* **DATA FOR ANALYSIS**

Content starts

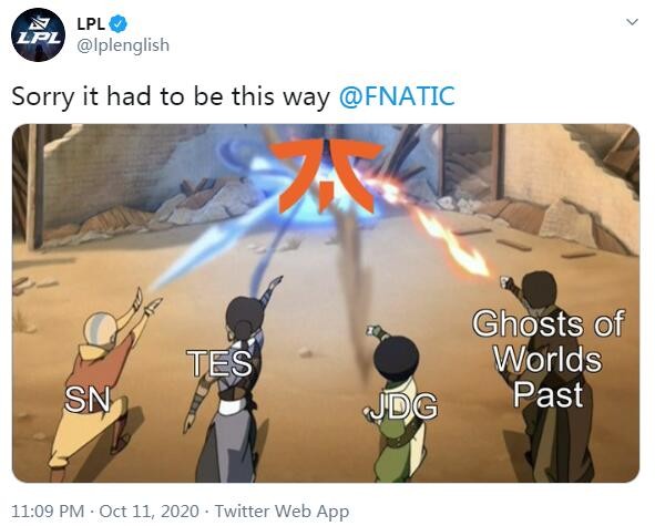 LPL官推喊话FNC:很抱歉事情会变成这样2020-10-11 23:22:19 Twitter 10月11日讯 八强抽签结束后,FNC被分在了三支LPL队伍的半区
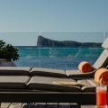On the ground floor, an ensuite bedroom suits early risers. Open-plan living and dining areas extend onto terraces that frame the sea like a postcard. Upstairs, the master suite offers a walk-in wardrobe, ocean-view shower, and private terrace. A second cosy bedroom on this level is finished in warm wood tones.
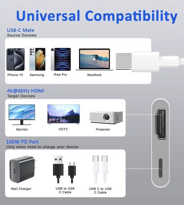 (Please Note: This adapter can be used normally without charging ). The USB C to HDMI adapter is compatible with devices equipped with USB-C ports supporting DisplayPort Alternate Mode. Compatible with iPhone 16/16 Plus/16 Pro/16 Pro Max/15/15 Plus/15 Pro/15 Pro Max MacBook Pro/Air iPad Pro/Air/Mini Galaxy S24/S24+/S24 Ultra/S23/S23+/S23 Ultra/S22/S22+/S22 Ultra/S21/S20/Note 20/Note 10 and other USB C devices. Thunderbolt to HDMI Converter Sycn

Content ends
Content starts

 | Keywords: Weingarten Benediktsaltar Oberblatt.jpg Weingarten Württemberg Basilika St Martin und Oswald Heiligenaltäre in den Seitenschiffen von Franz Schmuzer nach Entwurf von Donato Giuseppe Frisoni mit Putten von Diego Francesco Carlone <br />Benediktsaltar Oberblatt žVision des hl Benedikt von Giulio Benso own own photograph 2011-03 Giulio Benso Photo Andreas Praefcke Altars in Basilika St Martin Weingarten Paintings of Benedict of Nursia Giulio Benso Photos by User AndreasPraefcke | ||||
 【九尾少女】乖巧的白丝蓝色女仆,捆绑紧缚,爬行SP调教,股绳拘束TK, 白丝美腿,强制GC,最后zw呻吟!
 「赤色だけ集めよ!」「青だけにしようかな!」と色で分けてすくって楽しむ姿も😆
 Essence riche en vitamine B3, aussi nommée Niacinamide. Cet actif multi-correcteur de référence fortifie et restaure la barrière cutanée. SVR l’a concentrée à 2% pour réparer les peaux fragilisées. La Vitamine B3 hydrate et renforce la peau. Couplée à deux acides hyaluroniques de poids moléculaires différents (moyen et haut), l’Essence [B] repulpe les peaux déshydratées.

Content ends

* **PROBLEM TO WORK ON**
Reproduce the data above exactly, but only the lines from the one showing "LPL官推喊话FNC:很抱歉事情会变成这样2020-10-11 23:22:19 Twitter" through the one showing "On the ground", with both ends kept and the pictures left out.

* **REPLY**
 LPL官推喊话FNC:很抱歉事情会变成这样2020-10-11 23:22:19 Twitter 10月11日讯 八强抽签结束后,FNC被分在了三支LPL队伍的半区
On the ground floor, an ensuite bedroom suits early risers. Open-plan living and dining areas extend onto terraces that frame the sea like a postcard. Upstairs, the master suite offers a walk-in wardrobe, ocean-view shower, and private terrace. A second cosy bedroom on this level is finished in warm wood tones.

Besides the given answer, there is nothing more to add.